I can sympathize with this. Polygyny and polyandry are doomed to fail most of the time. Maybe a minority of individuals could make them work, but nether systems are for me. 

We seem to differ on polygamy. That's understandable.


----------



## Fizz (Nov 13, 2010)

ManhattanINTP said:


> I can sympathize with this. Polygyny and polyandry are doomed to fail most of the time. Maybe a minority of individuals could make them work, but nether systems are for me.
> 
> We seem to differ on polygamy. That's understandable.


How do we differ on polygamy? Are you a proponent? You admitted that you believe polygyny and polyandry were likely to fail, both of which are just the sub-groups or definitions of polygamy to define specifically who the host partner is.

When I say "host partner", I mean the one marrying multiple people. I make people sound like parasites


----------



## Manhattan (Jul 13, 2011)

It's something I would happily try. I need variety to keep me interested, and this makes a lifetime monogamous relationship very problematic to me. If I were to cycle my time with several dynamic partners, the combination of the diversity and their personal growth would keep me stimulated. Another issue is that I'm very loyal to someone once I bond with them in a relationship. So if I did yearn for more in a monogamous relationship, I would ignore my feelings and stick it out. 
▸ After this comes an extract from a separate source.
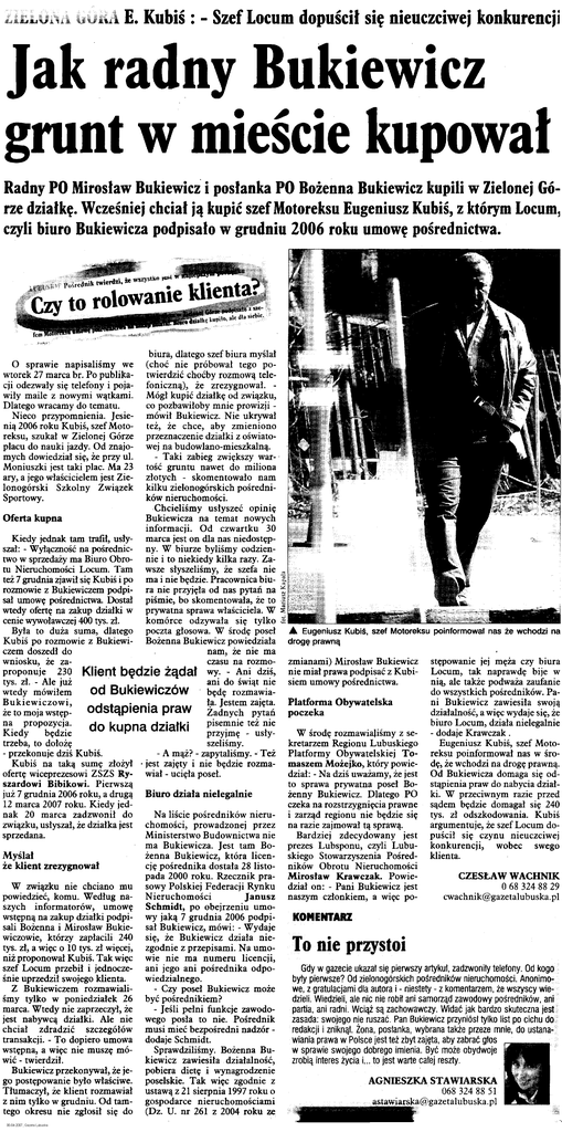 «tjmi E. Kubiś: - Szef Locum dopuścił się nieuczciwej konkurencji Jak radny Bukiewicz grunt w mieście kupował Radny PO Mirosław Bukiewicz i posłanka PO Bożenna Bukiewicz kupili w Zielonej Górze działkę. Wcześniej chciał ją kupić szef Motoreksu Eugeniusz Kubiś, z którym Locum, czyli biuro Bukiewicza podpisało w grudniu 2006 roku umowę pośrednictwa. biura, dlatego szef biura myślał (choć nie próbował tego potwierdzić choćby rozmową telefoniczną), że zrezygnował. Mógł kupić działkę od związku, co pozbawiłoby mnie prowizji mówił Bukiewicz. Nie ukrywał też, że chce, aby zmieniono przeznaczenie działki z oświatowej na budowlano-mieszkalną. - Taki zabieg zwiększy wartość gruntu nawet do miliona złotych - skomentowało nam kilku zielonogórskich pośredników nieruchomości. Chcieliśmy usłyszeć opinię Oferta kupna Bukiewicza na temat nowych informacji. Od czwartku 30 Kiedy jednak tam trafił, usły- marca jest on dla nas niedostępszał: - Wyłączność na pośrednic- ny. W biurze byliśmy codzientwo w sprzedaży ma Biuro Obro- nie i to niekiedy kilka razy. Zatu Nieruchomości Locum. Tam wsze słyszeliśmy, że szefa nie też 7 grudnia zjawił się Kubiś i po ma i nie będzie. Pracownica biurozmowie z Bukiewiczem podpi- ra nie przyjęła od nas pytań na sał umowę pośrednictwa. Dostał piśmie, bo skomentowała, że to wtedy ofertę na zakup działki w prywatna sprawa właściciela. W komórce odzywała się tylko cenie wywoławczej 400 tyś. zł. Była to duża suma, dlatego poczta głosowa. W środę poseł Kubiś po rozmowie z Bukiewi- Bożenna Bukiewicz powiedziała czem doszedł do nam, że nie ma wniosku, że zaczasu na rozmoproponuje 230 Klient będzie żądat wy. - Ani dziś, tyś. zł. - Ale już ani do świąt nie od Bukiewiczów będę rozmawiawtedy mówiłem Buk ie wieżowi, ła. Jestem zajęta. odstąpienia praw Żadnych pytań że to moja wstępna propozycja. też nie do kupna dziatki pisemnie Kiedy będzie przyjmę - usłytrzeba, to dołożę szeliśmy. - przekonuje dziś Kubiś. - A mąż? - zapytaliśmy. - Też Kubiś na taką sumę złożył • jest zajęty i nie będzie rozmaofertę wiceprezesowi ZSZS Ry- wiał - ucięła poseł. szardowi Bibikowi. Pierwszą już 7 grudnia 2006 roku, a drugą Biuro działa nielegalnie 12 marca 2007 roku. Kiedy jednak 20 marca zadzwonił do Na liście pośredników nieruzwiązku, usłyszał, że działka jest chomości, prowadzonej przez sprzedana. Ministerstwo Budownictwa nie ma Bukiewicza. Jest tam BoMyślał żenna Bukiewicz, która licenże klient zrezygnował cję pośrednika dostała 28 listopada 2000 roku. Rzecznik praW związku nie chciano mu sowy Polskiej Federacji Rynku powiedzieć, komu. Według na- Nieruchomości Janusz szych informatorów, umowę Schmidt, po obejrzeniu umowstępną na zakup działki podpi- wy jaką 7 grudnia 2006 podpisali Bożenna i Mirosław Bukie- sał Bukiewicz, mówi: - Wydaje wiczowie, którzy zapłacili 240 się, że Bukiewicz działa nietyś. zł, a więc o 10 tyś. zł więcej, zgodnie z przepisami. Na umoniż proponował Kubiś. Tak więc wie nie ma numeru licencji, szef Locum przebił i jednocze- ani jego ani pośrednika odpośnie uprzedził swojego klienta. wiedzialnego. Z Bukiewiczem rozmawiali- Czy poseł Bukiewicz może śmy tylko w poniedziałek 26 być pośrednikiem? marca. Wtedy nie zaprzeczył, że - Jeśli pełni funkcje zawodojest nabywcą działki. Ale nie wego posła to nie. Pośrednik chciał zdradzić szczegółów musi mieć bezpośredni nadzór transakcji. - To dopiero umowa dodaje Schmidt. wstępna, a więc nie muszę móSprawdziliśmy. Bożenna Buwić - twierdził. kiewicz zawiesiła działalność, Bukiewicz przekonywał, że je- pobiera dietę i wynagrodzenie go postępowanie było właściwe. poselskie. Tak więc zgodnie z Tłumaczył, że klient rozmawiał ustawą z 21 sierpnia 1997 roku o z nim tylko w grudniu. Od tam- gospodarce nieruchomościami tego okresu nie zgłosił się do (Dz. U. nr 261 z 2004 roku ze O sprawie napisaliśmy we wtorek 27 marca br. Po publikacji odezwały się telefony i pojawiły maile z nowymi wątkami. Dlatego wracamy do tematu. Nieco przypomnienia. Jesienią 2006 roku Kubiś, szef Motoreksu, szukał w Zielonej Górze placu do nauki jazdy. Od znajomych dowiedział się, że przy ul. Moniuszki jest taki plac. Ma 23 ary, a jego właścicielem jest Zielonogórski Szkolny Związek Sportowy. A Eugeniusz Kubiś, szef Motoreksu poinformował nas że wchodzi na drogę prawną zmianami) Mirosław Bukiewicz nie miał prawa podpisać z Kubisiem umowy pośrednictwa. Platforma Obywatelska poczeka W środę rozmawialiśmy z sekretarzem Regionu Lubuskiego Platformy Obywatelskiej Tomaszem Możejko, który powiedział: - Na dziś uważamy, że jest to sprawa prywatna poseł Bożenny Bukiewicz. Dlatego PO czeka na rozstrzygnięcia prawne i zarząd regionu nie będzie się na razie zajmował tą sprawą. Bardziej zdecydowany jest prezes Lubsponu, czyli Lubuskiego Stowarzyszenia Pośredników Obrotu Nieruchomości Mirosław Krawczak. Powiedział on: - Pani Bukiewicz jest naszym członkiem, a więc po- stepowanie jej męża czy biura Locum, tak naprawdę bije w nią, ale także podważa zaufanie do wszystkich pośredników. Pani Bukiewicz zawiesiła swoją działalność, a więc wydaje się, że biuro Locum, działa nielegalnie - dodaje Krawczak . Eugeniusz Kubiś, szef Motoreksu poinformował nas w środę, że wchodzi na drogę prawną. Od Bukiewicza domaga się odstąpienia praw do nabycia działki. W przeciwnym razie przed sądem będzie domagał się 240 tyś. zł odszkodowania. Kubiś argumentuje, że szef Locum dopuścił się czynu nieuczciwej konkurencji, wobec swego klienta. CZESŁAW WACHNIK O 68 324 88 29 [email protected] KOMENTARZ To nie przystoi Gdy w gazecie ukazat się pierwszy artykuł, zadzwoniły telefony. Od kogo byty pierwsze? Od zielonogórskich pośredników nieruchomości. Anonimowe, z grat
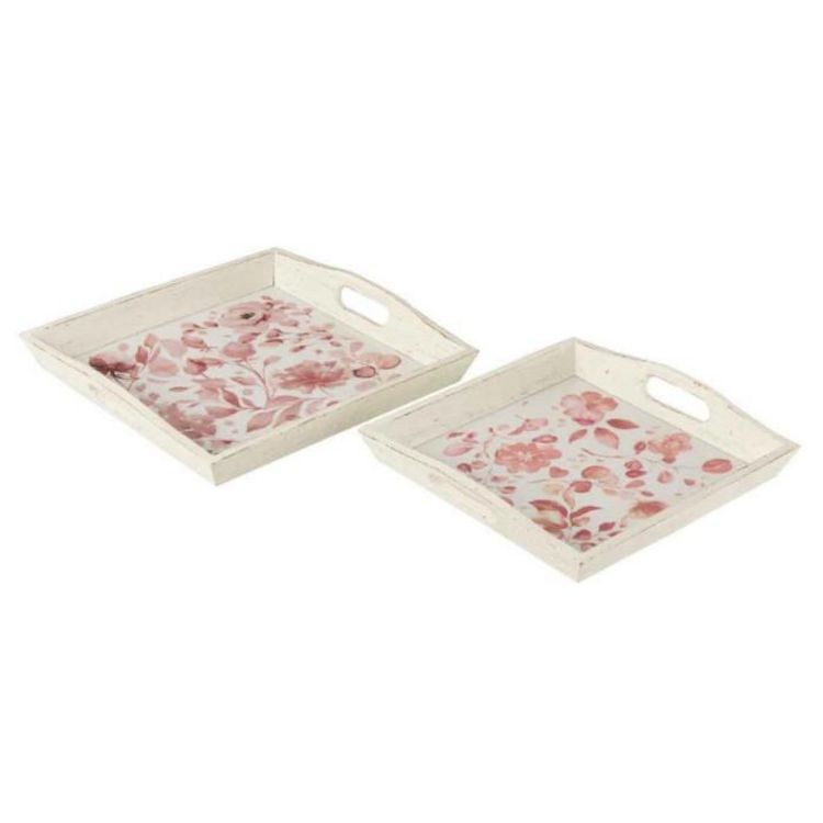Lot de 2 Plateaux Motif Fleurs 41cm Rose & Blanc

Once I read something about men's testosterone reliably dropping after a long term monogamous relationship, leading to some negative personality affects. I don't see why I should sacrifice anything of myself if I don't have to.

A polyandrous relationship wouldn't necessitate this, as I could get the whole spectrum of relationship experiences from others. I'll take a quality polyandrous relationship over a quality monogamous relationship. I'm sure the males in the relationship would also prove to be very good friends, and I like all my friends to know each other, so that settles a separate type of companionship. 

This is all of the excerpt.